YAZILAR

cc

31 Temmuz 2020 Cuma

ESKİ BAYRAMLAR...

Eski bayramlar bir başkaydı.Başka bir güzeldi...

Daha bayram gelmeden,günler öncesinden bayram heyecanı sarardı hepimizi.Kurban bayramı bitmeden,Ramazan bayramı gelecek diye heyecanlandığımız olurdu...

Bayramlık kıyafetlerimiz bayram gelmeden alınmış olurdu.Babam beni,o zaman Beymen mağazası vardı,onun çocuklar için olan Boymen mağazasına götürürdü.8 tane ceket,16 tane pantolon,22 çift ayakkabı alırdık.Bayramın her günü ayrı kıyafetler giyelim,çok sayıda değişik kombinler yapıp bayramın her gününü güzel karşılayalım diye.Çünkü bayram nasıl özelse,bayramın her günü de bizim için ayrı ayrı özel günlerdi.

Arefe gününün gecesi,bayram için alınmış yeni ayakkabılarımızla yatağa girerdik.Başucumuzda yepisyeni,gıcır gıcır,cillop gibi bayramlık ayakkabılarımızın kokusunu içimize çekerek heyecanla uykuya dalardık.
O deri kokusu bende bağımlılık yapardı,bayramdan sonra da ayakkabılarımı başucuma koyup uyumaya devam ederdim.Bugün bile hala gece yatarken ayakkabılarımı başucuma,yastığımın yanına koymadan,deri kokusu almadan uyuyamıyorum.Evlenmememin sebebinin de bu olduğunu söyleyebilirim.Yatağımı ayakkabılardan başka biriyle paylaşamazdım.Ayakkabılarımdan daha çok sevebileceğim bir kadınla karşılaşmadım.Ayakkabı derisi gibi kokan bir kadına denk gelmedim..

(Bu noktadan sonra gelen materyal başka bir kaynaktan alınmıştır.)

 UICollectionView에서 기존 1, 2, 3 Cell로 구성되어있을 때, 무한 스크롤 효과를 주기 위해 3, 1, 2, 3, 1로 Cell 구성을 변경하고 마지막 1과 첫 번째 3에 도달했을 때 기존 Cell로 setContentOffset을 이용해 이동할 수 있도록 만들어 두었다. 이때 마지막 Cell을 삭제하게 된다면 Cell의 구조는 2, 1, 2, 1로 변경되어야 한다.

Bayram sabahı uyanınca ilk iş,evdekilerle bayramlaşmak olurdu.Annemle,babamla,kardeşlerimle,anneannemle,babaannemle,annebabamla,bababamla,amcamla,dayımla,teyzemle,halamla,yengemle,eniştemle,bayramlaşırdık.Büyük bir konakta,bütün sülale bir arada yaşardık.Konağın yerinde bir müştemilatta oturuyorduk.Arka bahçede petrol çıktı.Konağın temeli atılırken de,elmas madenine rastlandı.Çok zengindik.

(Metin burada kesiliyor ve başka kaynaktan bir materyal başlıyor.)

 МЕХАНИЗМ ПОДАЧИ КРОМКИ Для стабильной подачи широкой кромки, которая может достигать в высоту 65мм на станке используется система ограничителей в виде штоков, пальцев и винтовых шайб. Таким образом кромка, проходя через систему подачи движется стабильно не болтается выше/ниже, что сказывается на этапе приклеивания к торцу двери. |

Daha sonra bayramlık kıyafetlerimizi giyer,hep birlikte kahvaltı sofrasına otururduk.Kahvaltıda yok yoktu.Yok'un olmaması bizi rahatsız ederdi.Keşke yok da olabilseydi derdik.O derece zengin bir sofraydı.Elliiki çeşit  peynir,26 çeşit zeytin,13 çeşit tereyağ,9 çeşit bal,16 çeşit reçel,çift sarılı,üç sarılı yumurta,sucuk,salam,sosis,kurufasülye,pilav,köfte,makarna,herşey vardı kahvaltı sofrasında.O kadar çok kahvaltılığı bitirmek öğlene kadar sürerdi,öğlen olunca da masadan hiç kalkmadan,öğle yemeğine geçerdik.O yüzden masada kurfasülye,pilav,köfte olurdu..

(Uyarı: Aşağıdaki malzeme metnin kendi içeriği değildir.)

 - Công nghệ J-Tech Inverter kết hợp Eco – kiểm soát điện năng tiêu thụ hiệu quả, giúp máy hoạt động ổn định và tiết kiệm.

Kahvaltıdan sonra babamdan bayram harçlığımı alır,sokağa atardım kendimi.Babam ayrı,annem ayrı bayram harçlığı verirdi.Babam genellikle bugünün parasıyla 10 bin lira,annem 5 bin lira verirdi.Sonra ellerini öpmek,bayramlarını kutlamak için komşuları dolaşırdım.Şeker veren de olurdu,para veren de.Bin lira veren de olurdu,üç bin lira veren de.(Bugünün parasıyla).Sadece bir komşumuz vardı,o çok cimriydi.Hiçbir bayram 100 liradan fazla verdiğini görmedim.(Bugünün parasıyla) Sonra o paralarla pamuk helva,kağıt helva,un helvası,irmik helvası alırdık.Mantar tabancalarımız vardı.Mantar alır,patlatırdık.Çatapat alır,çatlatırdık.Kız kaçıran alırdık,patlatıp,kızları korkuturduk. "Fiçiyuuuuvvv.." "Çifiyuuuu.." Fiç you.." diye sesler çıkarırdı.Seyyar salıncakçı gelirdi,salıncağa binerdik.Cirque du Soleil gelirdi,arkadaki toprak futbol sahasında gösteri yapardı...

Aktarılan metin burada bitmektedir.